> **Supplied records**:
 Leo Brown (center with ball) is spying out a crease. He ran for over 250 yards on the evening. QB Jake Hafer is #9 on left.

...

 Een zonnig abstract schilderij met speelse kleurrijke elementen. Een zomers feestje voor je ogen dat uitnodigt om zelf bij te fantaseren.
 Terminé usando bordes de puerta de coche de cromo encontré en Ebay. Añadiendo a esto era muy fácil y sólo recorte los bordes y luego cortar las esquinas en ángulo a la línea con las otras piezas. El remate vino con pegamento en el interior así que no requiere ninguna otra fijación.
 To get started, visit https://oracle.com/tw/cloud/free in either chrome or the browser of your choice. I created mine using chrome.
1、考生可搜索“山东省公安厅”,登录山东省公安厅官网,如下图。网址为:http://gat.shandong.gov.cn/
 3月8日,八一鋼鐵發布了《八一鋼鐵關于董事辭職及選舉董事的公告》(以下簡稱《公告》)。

> **What you should do**: Precisely the lines between those holding "Een zonnig abstract" and "3月8日,八一鋼鐵發布了《八", inclusive, are to be reproduced from the listing above, with nothing added.

> **Written response**:
 Een zonnig abstract schilderij met speelse kleurrijke elementen. Een zomers feestje voor je ogen dat uitnodigt om zelf bij te fantaseren.
 Terminé usando bordes de puerta de coche de cromo encontré en Ebay. Añadiendo a esto era muy fácil y sólo recorte los bordes y luego cortar las esquinas en ángulo a la línea con las otras piezas. El remate vino con pegamento en el interior así que no requiere ninguna otra fijación.
 To get started, visit https://oracle.com/tw/cloud/free in either chrome or the browser of your choice. I created mine using chrome.
1、考生可搜索“山东省公安厅”,登录山东省公安厅官网,如下图。网址为:http://gat.shandong.gov.cn/
 3月8日,八一鋼鐵發布了《八一鋼鐵關于董事辭職及選舉董事的公告》(以下簡稱《公告》)。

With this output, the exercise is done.